> ABOUT THIS TASK
When you reach the line containing "Stylish navy blue", begin reproducing the lines exactly and continue through the end of the listing, leaving out the pictures.
SUPPLIED DATA Block Start
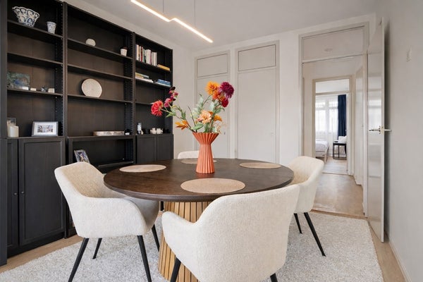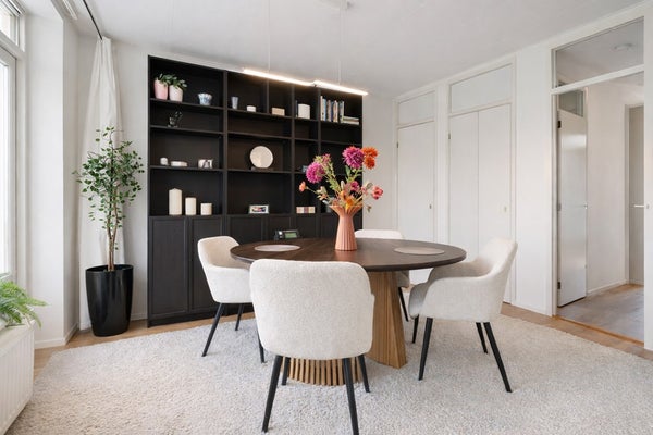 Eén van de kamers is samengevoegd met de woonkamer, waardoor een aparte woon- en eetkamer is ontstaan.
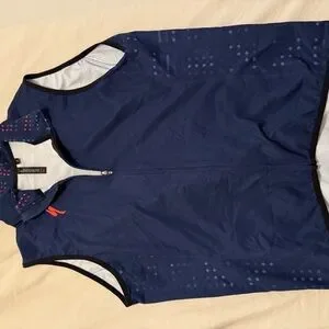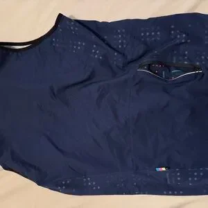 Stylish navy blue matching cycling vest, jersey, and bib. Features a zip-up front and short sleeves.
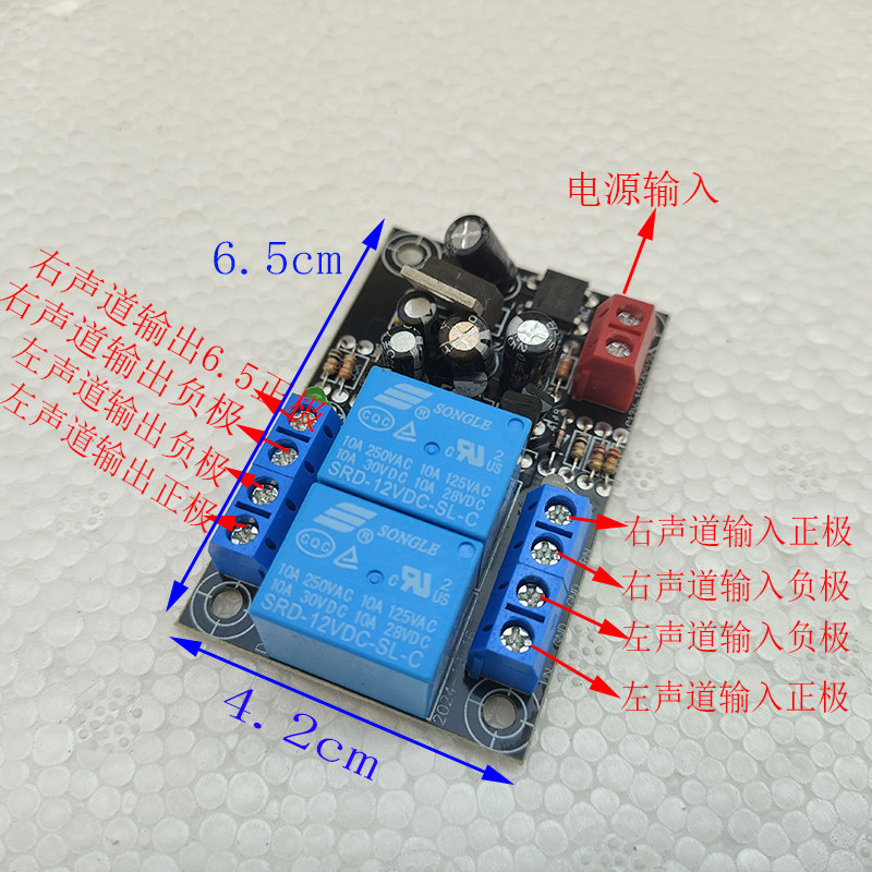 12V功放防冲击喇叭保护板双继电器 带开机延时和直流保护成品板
SUPPLIED DATA Block End
> RESPONSE FOR THIS EXERCISE
 Stylish navy blue matching cycling vest, jersey, and bib. Features a zip-up front and short sleeves.
 12V功放防冲击喇叭保护板双继电器 带开机延时和直流保护成品板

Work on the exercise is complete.